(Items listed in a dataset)
*** Begin section ***

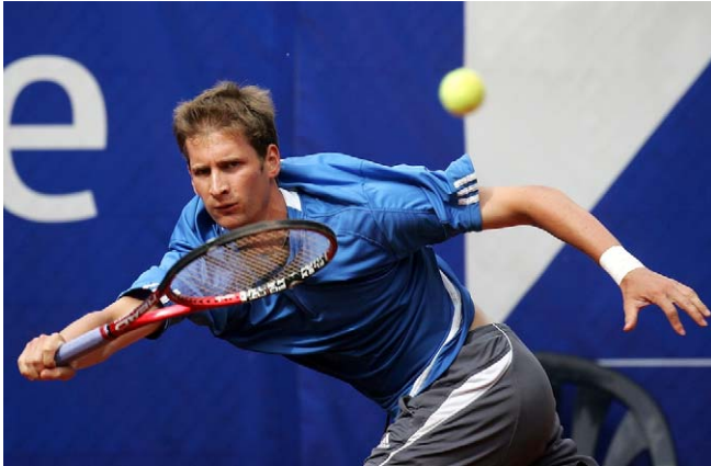
Florian Mayer (1.FC Nürnberg)

Auf der Tennisanlage im Dresdner Wildpark startete die dritte Auflage um den Ostdeutschen Sparkassencup vom 5. Mai bis 13. Mai 2007. Das einzige ATP-Challenger-Turnier in Ostdeutschland wurde vom Tennisclub Blau-Weiß Dresden-Blasewitz ausgerichtet, war mit 42.500 Euro Preisgeld dotiert gewesen. Während der neun Turniertage wurde im Dresdner Waldpark Spitzentennis geboten.
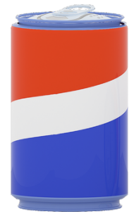
ดื่มน้ำหวาน
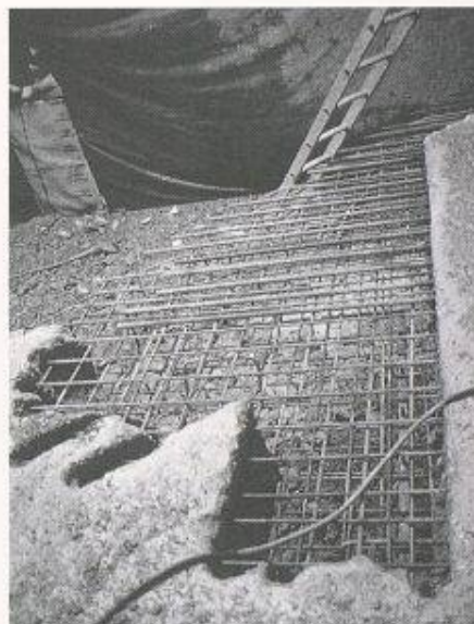
Bild 2. Betonteilausbruch mit Hochdruckwasser ohne Schädigung der Bewehrung (Rosa)

Bei der «Reparatur von Salzsäuren an der Ganterbrücke» (Teichert) 1054 m ü. NN, auf der Nordrampe des Simplon-Passes im Oberwallis (Bild 6), war durch einen Fehler der Fahrbahn-Enteisungsanlage der Boden des 700 m langen Brückentrog (9,00/2,50–5,00 m) versalzt worden. Zur Instandsetzung wurden 50 m 3 Beton auf 1400 m 2 2–9 cm tief zum Teil bis hinter die Bewehrung abgetragen und anschliessend 75 m 3
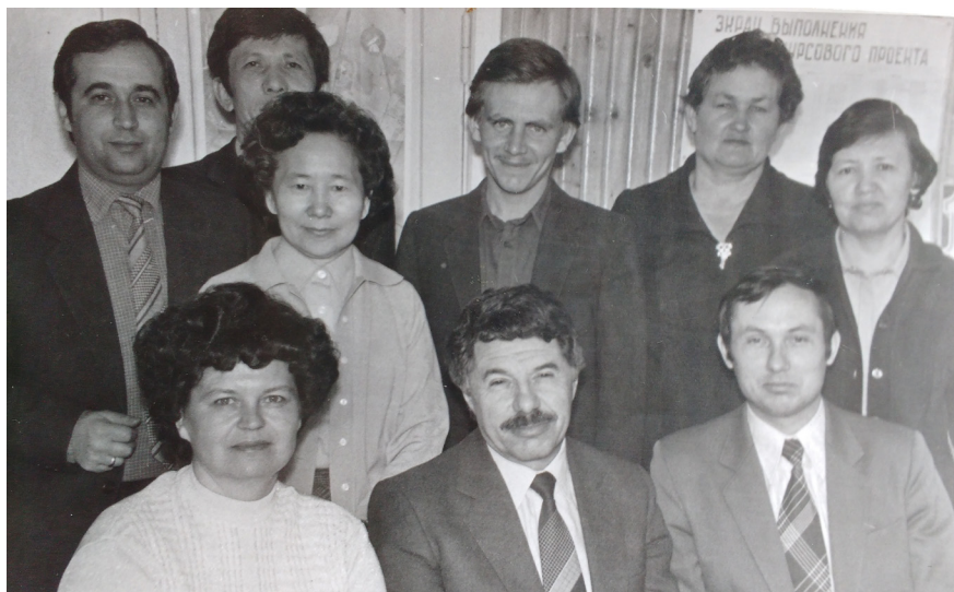
Кафедра економіки, організації будівництва та будівельних матеріалів ВТУЗа. Теміртау, Казахстан, 1982 р.
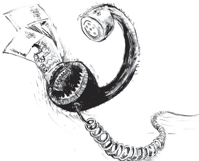
Рисунок Екатерины Балеевской

— Многие глухие абоненты МГТС пользуются факсами. Пересылка факса занимает гораздо больше времени, чем разговор. Часто вызываемый номер не всегда сразу переключается на факс. Отражается ли это на оплате? Ведь плата берется за соединение, хотя прохождения факса мощи и не быть!
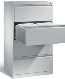
Metalowa szafa kartotekowa szeroka 135,7 x 78,7 x 59 cm 825664
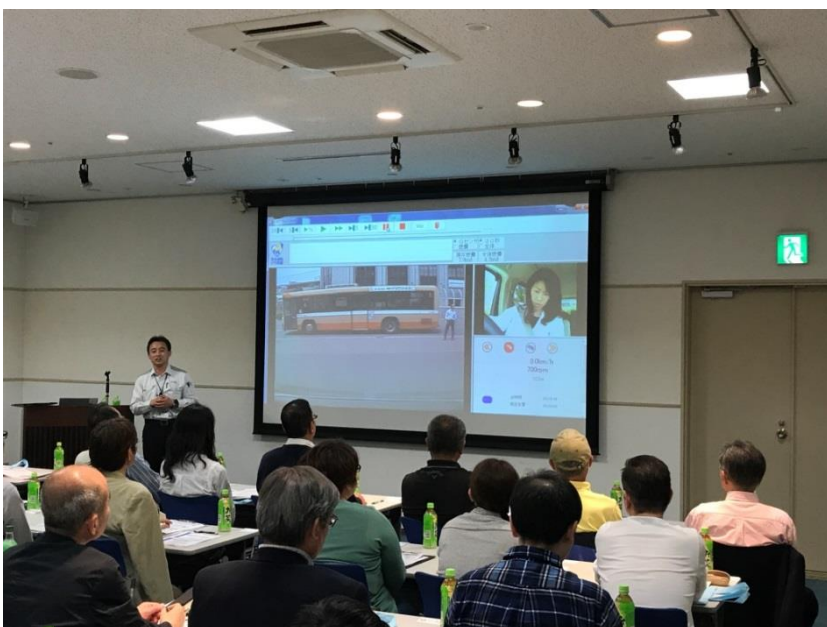
運転ぶりビデオ診断ふりかえり

*** End section ***

**Task statement**
Here the job is to repeat the entries verbatim while leaving all pictures out.

**Exercise response**
Florian Mayer (1.FC Nürnberg)

Auf der Tennisanlage im Dresdner Wildpark startete die dritte Auflage um den Ostdeutschen Sparkassencup vom 5. Mai bis 13. Mai 2007. Das einzige ATP-Challenger-Turnier in Ostdeutschland wurde vom Tennisclub Blau-Weiß Dresden-Blasewitz ausgerichtet, war mit 42.500 Euro Preisgeld dotiert gewesen. Während der neun Turniertage wurde im Dresdner Waldpark Spitzentennis geboten.
ดื่มน้ำหวาน
Bild 2. Betonteilausbruch mit Hochdruckwasser ohne Schädigung der Bewehrung (Rosa)

Bei der «Reparatur von Salzsäuren an der Ganterbrücke» (Teichert) 1054 m ü. NN, auf der Nordrampe des Simplon-Passes im Oberwallis (Bild 6), war durch einen Fehler der Fahrbahn-Enteisungsanlage der Boden des 700 m langen Brückentrog (9,00/2,50–5,00 m) versalzt worden. Zur Instandsetzung wurden 50 m 3 Beton auf 1400 m 2 2–9 cm tief zum Teil bis hinter die Bewehrung abgetragen und anschliessend 75 m 3
Кафедра економіки, організації будівництва та будівельних матеріалів ВТУЗа. Теміртау, Казахстан, 1982 р.
Рисунок Екатерины Балеевской

— Многие глухие абоненты МГТС пользуются факсами. Пересылка факса занимает гораздо больше времени, чем разговор. Часто вызываемый номер не всегда сразу переключается на факс. Отражается ли это на оплате? Ведь плата берется за соединение, хотя прохождения факса мощи и не быть!
Metalowa szafa kartotekowa szeroka 135,7 x 78,7 x 59 cm 825664
運転ぶりビデオ診断ふりかえり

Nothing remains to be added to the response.